There is something to be said, 60 years on, about the durability and staying power of the hard bop subgenre of jazz. The jazz subtype forged in the early 1950s by Art Blakey, Horace Silver, and Miles Davis could still be considered "mainstream jazz" today considering bassist Adi Meyerson's potent and swinging contribution to the catalog, Where We Stand. Customary hard bop quintet core? Check. Complex, often angular heads? Check. Earthy blues and gospel accents? Check. Traditional soloing? Check. Drumming freedom anticipating post-bop? Check. Compositional emphasis? Check. Yes, Meyerson provides them all and more on her debut recording. Auspicious?

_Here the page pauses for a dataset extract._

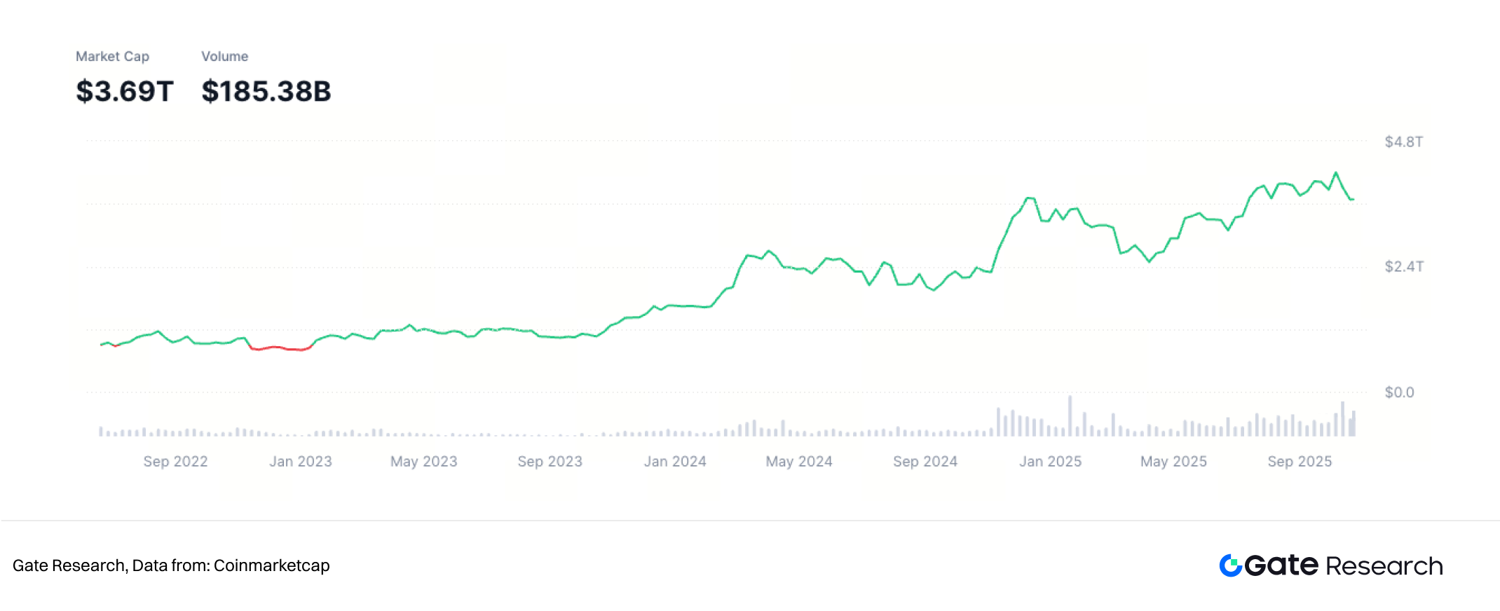 截至 2025 年 10 月,全球加密资产总市值约 3.7 万亿美元,全球加密用户约 6 亿人,其中亚洲地区占比接近 45%。DeFi 生态总锁仓量(TVL)约 1,200 亿美元,主要集中于以太坊、Arbitrum、Solana 等主流网络。稳定币市值约 1,600 亿美元,成为加密资金流动的核心媒介。当前数字资产已从投机性投资工具逐步演变为机构配置资产,越来越多的银行、家族办公室与对冲基金开始涉足加密资产管理。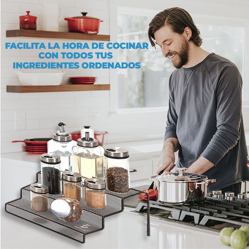Estante organizador de especias de 3 niveles, ampliable, para armario de cocina, estantes para especias

You bet!
Meyerson has assembled an impressive band that sports saxophonist Joel Frahm and trumpeter Freddy Hendrix, plus guitarist/vocalists Camila Meza who sings on the two Meyerson-penned vocal offerings. "Little Firefly" and the title cut. Frahm's muscular tenor and lithe soprano saxophones make themselves right at home with Hendrix's tart open-bell trumpeting. Meyerson's excellent rhythm section mates, pianist Mike King and drummer Kush Abadey get feature standing on the jaunty "TNT." Meyerson displays her ballad wares on the beautifully-paced "Holes" that features King's introspective pianism. Where We Stand is an excellent debut that promises more to come. Let's welcome it!

Leni Stern
Leni Stern:3 with Mamadou Ba and Alioune Faye
Self Produced

Traditionally, the most percussion-rich jazz music has been that infused with Caribbean and Latin influences. Guitarist Leni Stern has been studying West Africa as an alternate source of percussion driven music ever since having made the acquaintance of Massekou Kouyate and his wife Ami Sacko at the Festival au Desert in Timbuktu, Mali almost 15 years ago. That meeting led to Stern's swan dive into the culture, language, and music of West Africa and the intervening years of study have led to 3 with Mamadou Ba and Alione Faye. While Stern is the ostensible leader of this date, the recording is very much rooted in the percussion of Alioune Faye. To be sure, there is American (or better German-American) jazz here, but it is woven deeply into to the fecund rhythms of West Africa, her two musical partners coming from Senegal. Stern plays with a graceful restraint that augments and enhances the percussive elements of the performance. Integral to this percussive approach is the rhythmic anchor provided by bassist Mamadou Ba, whose Sympatico with Stern is palpable throughout. Stern's singing offers an interesting seasoning to the project, both in English and Senegalese. This recording is something larger than mere "World Music." It has a savory depth that is purely spiritual.

Deanne Matley
Because I Loved
Factor Music

With four previous recordings to her credit, Alberta-native vocalist Deanne Matley has been woefully under-represented within our humble electronic pages. Well known and received in her Canadian home, Matley properly elbows her way south with her release Because I Loved. There exists a technical diptych comprised of arrangement and vocal approach and musical arrangement. Regarding the latter, Matley shares the arrangement duties with pianist Paul Shrofer. The arrangements facilitate the integral rolls of drummer (and date producer) Jim Doxas and percussionist Kiko, who can provide a sound wall of shimmering percussion has they do behind Shofer's solo on the opening "The Moon is Made of Gold." The arrangement/vocal triple point is achieved on Matley's imagining of Stanley Turrentine's "Sugar" where Matley turns up both the tempo and sensual, singing Ted Daryll's clever lyrics. Tenor saxophonist Al McLean shaves off Turrentine's brusqueness while injecting some attenuated Coltrane to temper the song's innate sexiness.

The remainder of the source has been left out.